Read data from a pandas DataFrame and create a tree using anytree in python
Asked Answered
G

4

13

Is there a way to read data from a pandas DataFrame and construct a tree using anytree?

Parent Child
A      A1
A      A2
A2     A21

I can do it with static values as follows. However, I want to automate this by reading the data from a pandas DataFrame with anytree.
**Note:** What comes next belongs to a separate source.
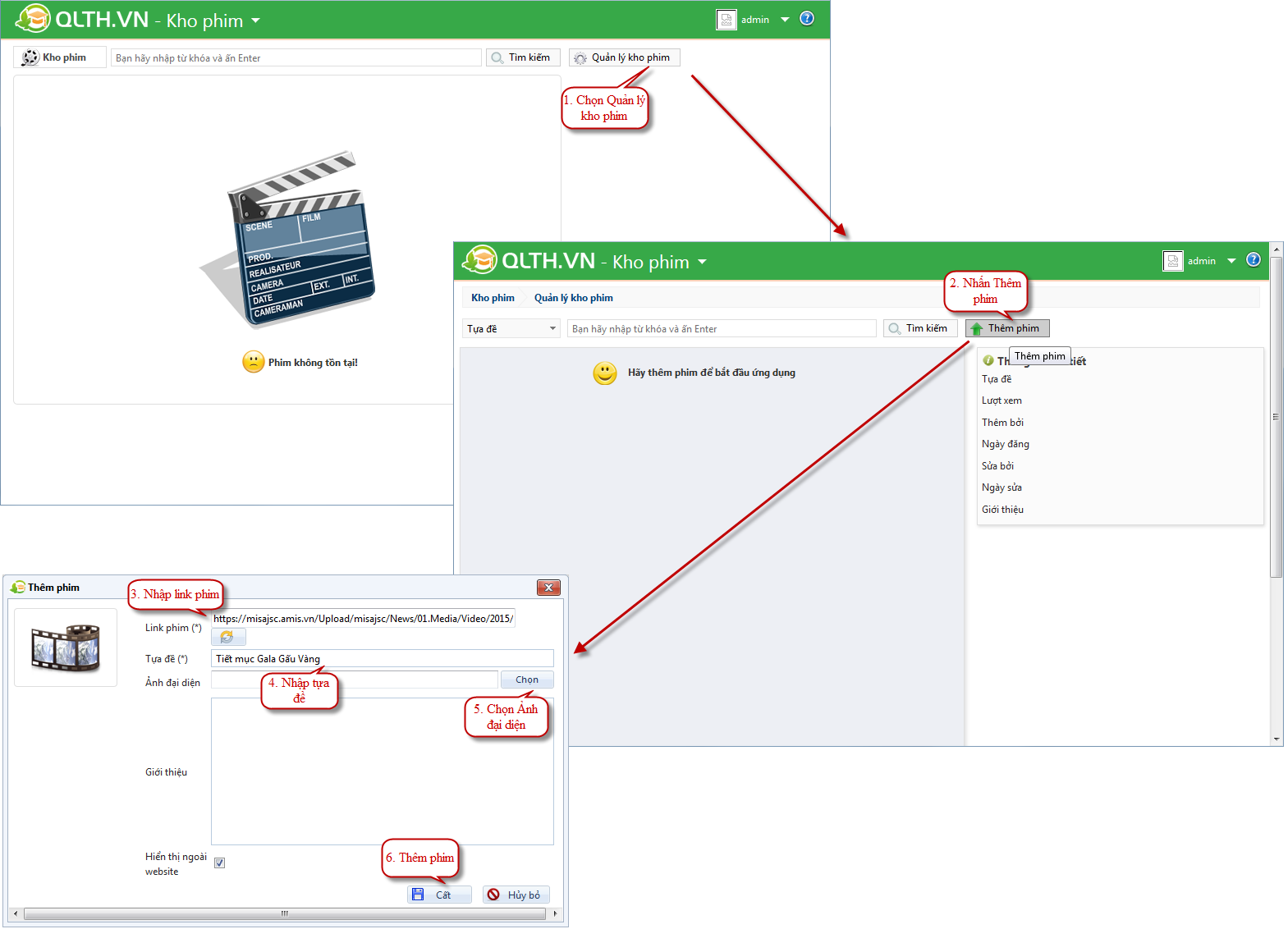 - Bước 2: Đưa phim lên ứng dụng kho phim

>>> from anytree import Node, RenderTree
>>> A = Node("A")
>>> A1 = Node("A1", parent=A)
>>> A2 = Node("A2", parent=A)
>>> A21 = Node("A21", parent=A2)

Output is

A
├── A1
└── A2
    └── A21

This question AND especially the ANSWER has been adopted, copied really, from:

Read data from a file and create a tree using anytree in python

Many thanks to @Fabien N

Georgeanngeorgeanna answered 27/9, 2020 at 4:24 Comment(0)
S
9

Create nodes first if not exist, store their references in a dictionary nodes for further usage. Change parent when necessary for children. We can derive roots of the forest of trees by seeing what Parent values are not in Child values, since a parent is not a children of any node it won't appear in Child column.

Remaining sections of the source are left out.